Parecía una de las contadísimas ocasiones en que en la vida real ganan los buenos. Hace dos sábados, ese engendro catódico llamado La Noria se emitió sin un solo anuncio publicitario en sus intermedios. Empujadas por el qué dirán y no sin haber echado cuentas, las marcas que se dejaban ver en tan siniestro escaparate (no peor que otros, por cierto) fueron desertando una a una. La mayoría de ellas acompañó el abandono con una nota de apostasía de la telemierda que contenía, de propina, propósito de enmienda y petición de disculpas a sus consumidores.

Sería injusto arrumbar a todas las firmas como hipócritas, pero de momento, una ha vuelto al redil y, casi más triste, se han incorporado cinco o seis de nuevo cuño, atraídas por las tarifas a cero euros con que contraatacó Telecinco. La semana que viene se sumarán otras cuantas y antes de navidad todo volverá a ser normal. El episodio de la entrevista pagada a la madre del tal Cuco quedará amortizado y como lo que no te mata te hace más fuerte, el programa de marras seguirá esparciendo detritus con mayor convicción que antes. A veces es cierto literalmente que no hay mal que por bien no venga: la últimas entregas de la cosa han tenido los registros de audiencia más altos de su historia.

La conclusión es que tenemos Noria para rato. Y aunque una no descartable acción blanqueadora de la cadena acabase por retirar el espacio de la parrilla, no habría motivo para echar a volar las campanas. En un dos por tres sería sustituido por una ponzoña del pelo con otro nombre y las mismas hediondas intenciones. Recuérdese que Tómbola, el Mississippi de Navarro o el denostado Tomate fueron rápidamente relevados por productos que en la comparación los dejaban en pellizco de monja. El pozo séptico que es la televisión (esa televisión; no generalicemos) no conoce límites de profundidad. ¿Demasiados espectadores con alma de espeleológo, quizá?

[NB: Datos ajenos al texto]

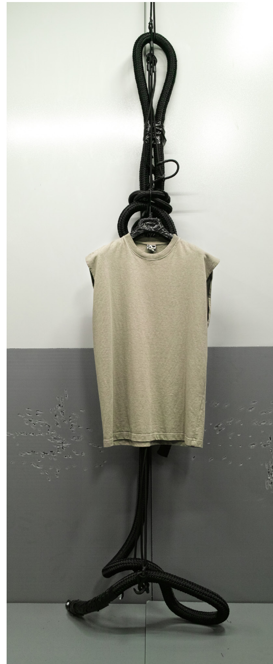
SS21_GR017_TAU / ALL_SEASONS_UTILITY_SLEEVE_LESS T-SHIRT COLOUR: TAUPE SAMPLE SIZE: L WHOLE SALE PRICE: 43,00 €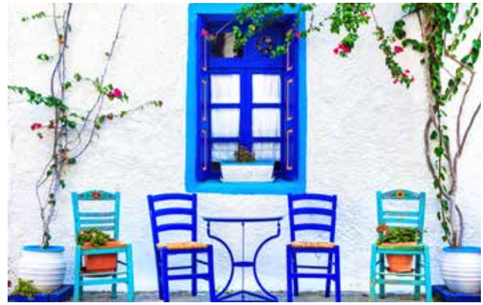
Castle of the Knights, Rhodes old town (top); Rhodes Harbor gates and lighthouse; A street in Rhodes old town; A classic Greek café (above)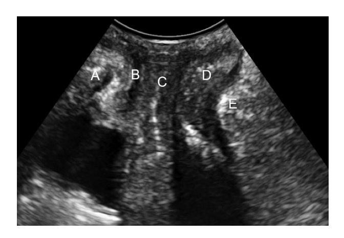
FIGURE 1 Identification of the midsagittal plane on twodimensional transperineal ultrasound, showing the plane on twodimensional transperineal ultrasound and the pubic symphysis (A), urethra (B), vagina (C), anal canal (D), and levator ani muscle (E). (2) Axial plane on four-dimensional imaging at the level of maximal hiatus contraction

at rest and during contraction as co-variables. For all tests, P < 0.05 was considered statistically significant.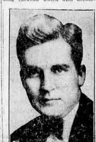
Paul V. McNutt

Following the luncheon the national leader was brought to Medford by automobile as part of a long caravan which also accom-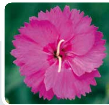
Warden Hybrid (ANON)

Cyclamen purple with semi-double flowers with snowy white stamens. Sweetly perfumed. On a vigorous mound on neat grey foliage.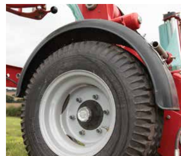
Mud guards reduce mud and dirt building up on the pre-stretcher and film rolls when operating in soft ground field and during transport.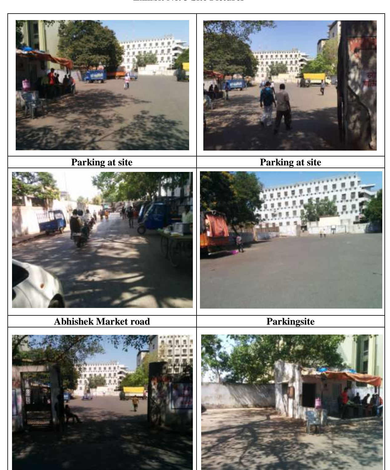
Exhibit No. 3 Site Pictures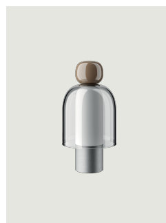
Easy Peasy Chestnut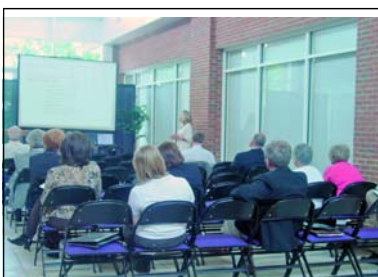
The 2007 Spring Job Fair , held at Clemson's Littlejohn Coliseum, is just one of the many ways ACOG's Work-Link team promotes employment in the Upstate.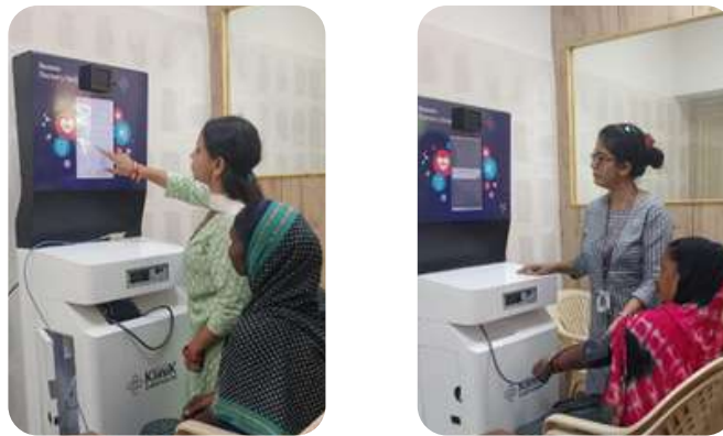
eHealth facility for the local community in Jatni

To facilitate people with better telemedicine and eHealth facilities, the University has collaborated with Klinik Everywhere Technologies Pvt. Ltd. Through this collaboration the University has set up portable digital kiosk machine across all its campuses. These machines are patient centric platforms enabling doctors to perform remote consultations on the go. The new age technique captures the patient's data and eases follow up check-ups as well. In the Academic year 2022-2023 at least 220 patients have benefitted from the collaboration.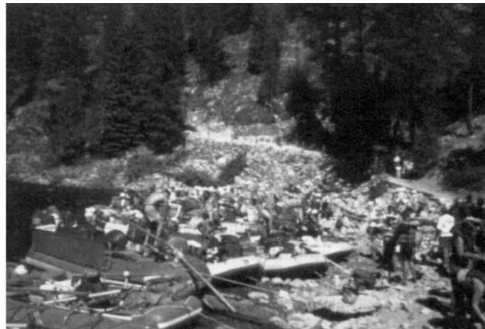
Commercial clients were more opposed to reducing the allowable number of people per float party.

measured on a five-point scale ranging from "strongly support" to "strongly oppose" with both a neutral point on the scale for respondents who could not decide their support and a column labeled "no opinion" for those who either did not care or had insufficient knowledge to judge how much they supported proposed actions. Visitors were asked to report how much certain things influenced their river trip by rating them as being "no problem at all," "a small problem," "a moderate problem," or "a big problem." The items evaluated included potential congestion/crowding problems and human-caused resource impact problems.

Al PP no le gusta ‘La República’

Confirmando una vez más las teorías de Pavlov sobre las campanillas y los jugos gástricos de los cánidos, el Partido Popular ha puesto el grito en el cielo de Brunete a cuenta de la emisión en TVE de 14 de abril. La República. Un tal Ramón Moreno, diputado por Zaragoza y representante de la formación gaviotil en el consejo de administración del ente público español amenaza con ponerle las peras al cuarto al mandamás televisivo Alberto Oliart por la “caspa revisionista y el formol monotemático” que destila la serie. Añade en su blog el ofuscado culiparlante que el producto audiovisual pretende reabrir heridas, recrear la Historia a gusto del mensajero con un indudable sesgo monocolor y media docena de topicazos más. Es obvio que el gachó no ha visto más que un trailer o, como mucho, trozos aleatorios mientras hacía zapping durante los anuncios de Intereconomía TV.

Los malos, los anarquistas

A diferencia de él, gracias a la fantástica web de RTVE, yo sí me he tragado enteritos los dos capítulos de la telenovela que se han emitido hasta ahora. Doctores tiene la ciencia catódica, dejaré a mi compañera Estefanía Jiménez un despiece más enjundioso y autorizado, pero si algo se puede decir de ese par de episodios, es que pierden azúcar por todas las costuras. La cosa no va, como presume Moreno, de rojos beatíficos y derechosos despiadados. Para empezar, la trama se centra en una familia de terratenientes de muy buen rollito que tratan de nadar y guardar la ropa en medio de las turbulencias. Hay, cierto es, una socialista idílica, trasunto de Clara Campoamor, pero para compensar, los malos de verdad son un policía corrupto y, cómo no, un anarquista que azuza a los ignorantes jornaleros a atentar contra la propiedad privada de sus paternalistas señoritos. Si alguien se puede quejar es la CNT. Hasta el militarote golpista, encarnado por un actor que es la viva imagen del Aznar de hace quince años, aparece retratado con mayor nobleza de corazón que el ácrata, que encima le pone los cuernos a la íntegra socialista con una cabaretera que -me juego el cuello- pronto se revelará como una agente a sueldo de Moscú.

Un pastelón bienintencionado que se deja ver, con factura solvente e interpretaciones más que correctas. No hay más pies que buscarle a este gato. Pero claro, lleva por título La República, expresión maldita todavía ochenta años después para quienes no se avergüenzan en aparecer como herederos de los que la derribaron. Ahí le duele al Partido Popular, que se sospecha continuación de la CEDA.